Quarry at West Branch State Park

We did a new hike yesterday! We went on the Quarry Trail at West Branch State Park (Ohio). We tried to go on this hike once before but ended up on some other trail and never saw the quarry. I hesitate to say we got lost because in my book, not knowing exactly where you are and being lost are too different things. If you can find the car, you are not really lost. And sometimes, not ending up where you expected to be can turn into a really fun time.

Rock wall that crosses the Quarry Trail.

But yesterday we saw the quarry. It was not nearly as big or impressive as I anticipated, but it was still a great hike. The whole area is scattered with beautiful stones and even at this time of year many of them are covered with velvety green moss. There is a wonderful old stone fence that cuts through the middle of this trail. It was so well made that it is still very sturdy. A couple rocks were moved where the trail crosses so you can pass through. This is also a mountain bike trail so be warned. The footing is challenging in places from the rock surfaces. I recommend a stiff-soled hiking boot. If you wear tennis shoes, your feet will not thank you.

Rock outcropping on the back half of the trail.

In addition to all the smaller rocks, there are also some massive rocks still visible in the hillside. The coppery green color you see above is due to moss and lichens that grow in the area. This photo was taken from the trail below the rock. Later in the hike we crossed at the top of the rock and got the view from that side too. The trail does crisscross back and forth because it is intended for mountain bikes too. That also explains why so many rocks are actually in the trail. This is apparently desirable to mountain bikers. They like to ride over things.

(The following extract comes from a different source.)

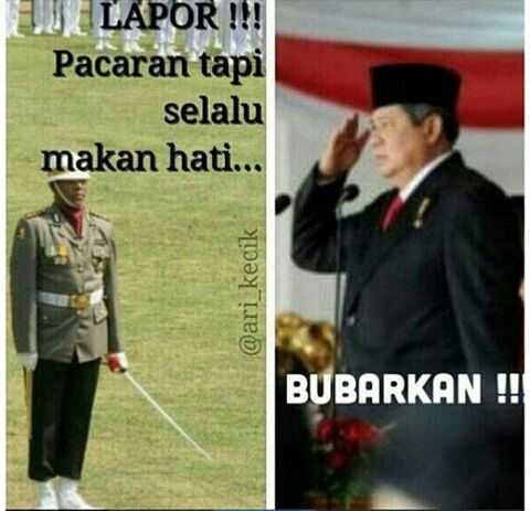 13. Sebagai komandan upacara, kita harus meneriakkan aba-aba secara lantang. Tapi selantang-lantangnya, tolong jangan meneriakkan hal lain selain aba-aba. Jangan bilang ke salah satu peserta, “Aisyah, akuuu cintaaa kamuuuu”. Jangan juga malah bilang ke inspektur, “Bapakkkk tampaannnn dehhhh”. Dan satu hal yang pasti, jangan meneriakkan dagangan seperti di pasar, “yo behanya sepuluh tiga, sepuluh tiga, sepuluh tigaaaaa!!!”

Hubby with Cassius and Baxter ahead on the trail.

My husband usually takes the lead with our largest two dogs, Cassius and Baxter. I follow with the other three dogs, Shelby, Zekie, and Claire. Not many trails are wide enough for us all to walk side by side. In fact, there are often times when I have Zekie and Claire in front of me and Shelby follows behind. We lost our 14 year old dog Nikki this past fall (Miss Nikki Pouncer Pants: A Tribute), so now all the dogs are with us when we hike. I miss being able to tell other hikers that we encounter along the way that we have one more dog at home.

We have fared better than much of the country with the winter weather we have had so far. Knock on wood! We have had very little snow and mild temperatures thus far. Nearly perfect for hiking. We actually take our break from hiking in the summer months when it is hot. The warm temperatures are too hard on the dog and me too. My husband is fine with heat, but I tend to whine and complain. I am not a hot weather type of girl.

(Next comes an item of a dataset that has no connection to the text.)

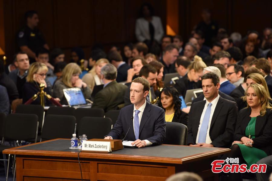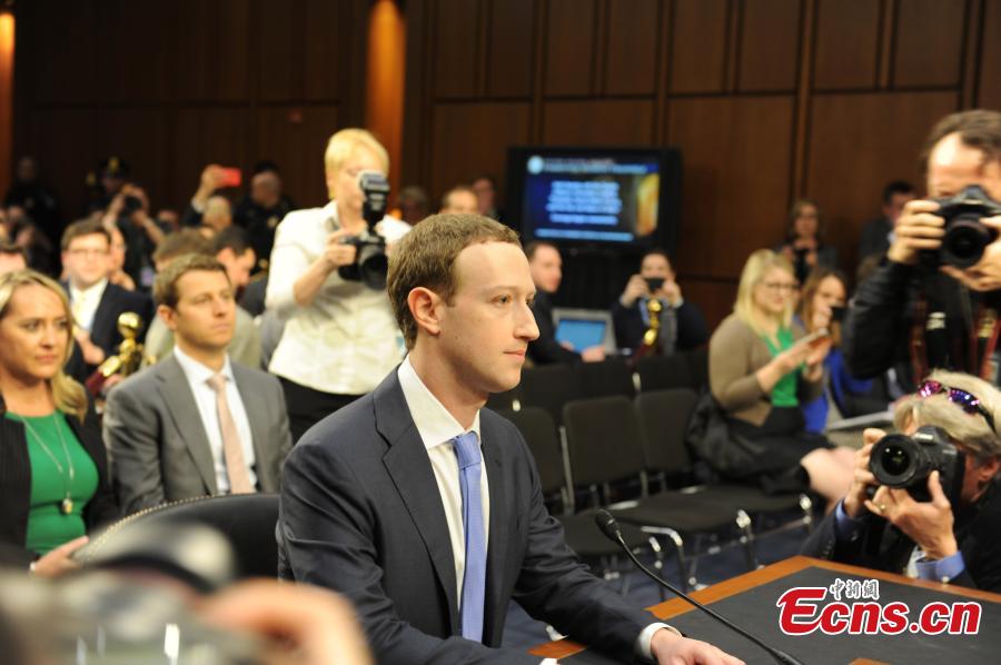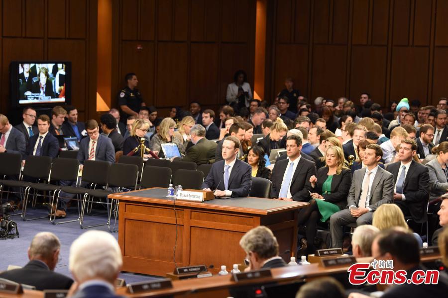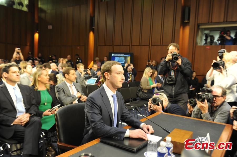 Facebook CEO Mark Zuckerberg listens while testifying before a joint Senate Judiciary and Commerce Committees hearing regarding the company's use and protection of user data, on Capitol Hill in Washington, U.S., April 10, 2018. During nearly five hours of questioning by 44 U.S. senators, Zuckerberg repeated apologies he previously made for a range of problems that have beset Facebook. (Photo: China News Service/Deng Min)

Power alley for the gas pipeline that crosses the trails.

The view above is not part of the Quarry Trail. It is a path that the utility company maintains, and it happens to cut through the park trail on several loops. We have used this on both our trips to the Quarry Trail, however. It is a direct route back to the parking lot if you become disoriented or are tired. This is the view taken from the top. It is a long, steep climb, but you know exactly where you will come out when you take this path.

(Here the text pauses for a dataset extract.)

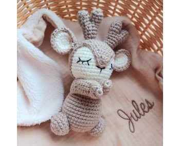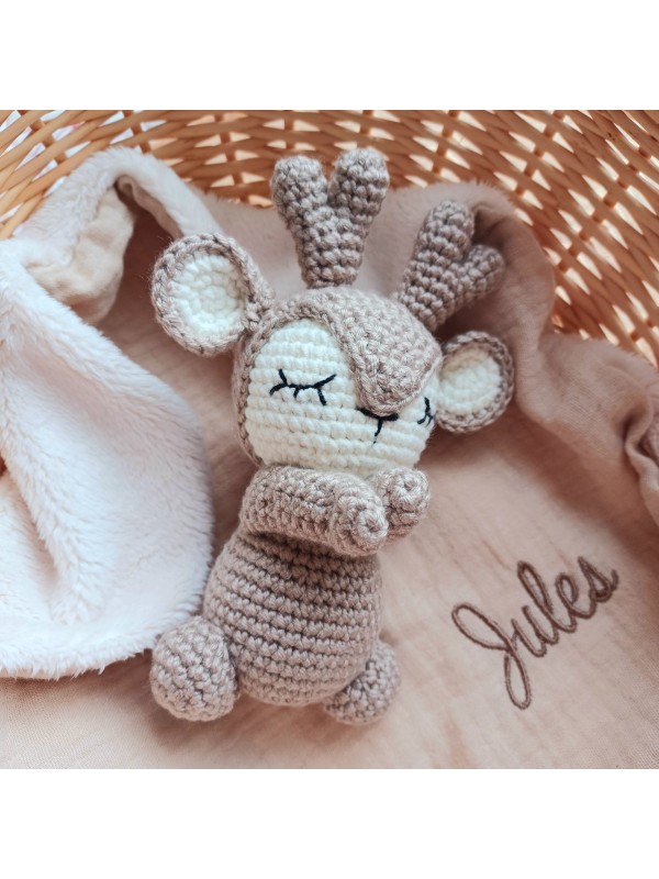Doudou Biche en tricot, avec lange gaze de coton,Cadeau de naissance.

I know that we will soon be on this trail again. It was fun to look at all the different rock formations. And my mind tends to wander when I am hiking. Each time that long, stacked rock wall crosses my path, or should I say I cross its path, I think of the farmers trying to make a living and grow food out on the Western Reserve of Ohio in earlier times. How long and how much time and sweat it must have taken to lay a wall so massive. Trying each rock to see which was the best fit. Putting one down and picking up another. They were true craftsman to assemble something that is still in place. Most of this area of the park was once farms. You often come across flowers that are not natural. You know they framed a homestead at some point in time. Occasionally, we come across old foundations from basements, or sometimes a circle of stones that was once the base of a silo. I find that many aspects of hiking these areas hold different types of magic for me. Sometimes, it is the beauty of nature. Other times, it is the history that lies buried if you care to look.

We were on this particular hike for 2.2 miles. It seemed more like four. Don’t get me wrong, I will gladly do it again soon. Just don’t underestimate the extra effort a rough trail can add.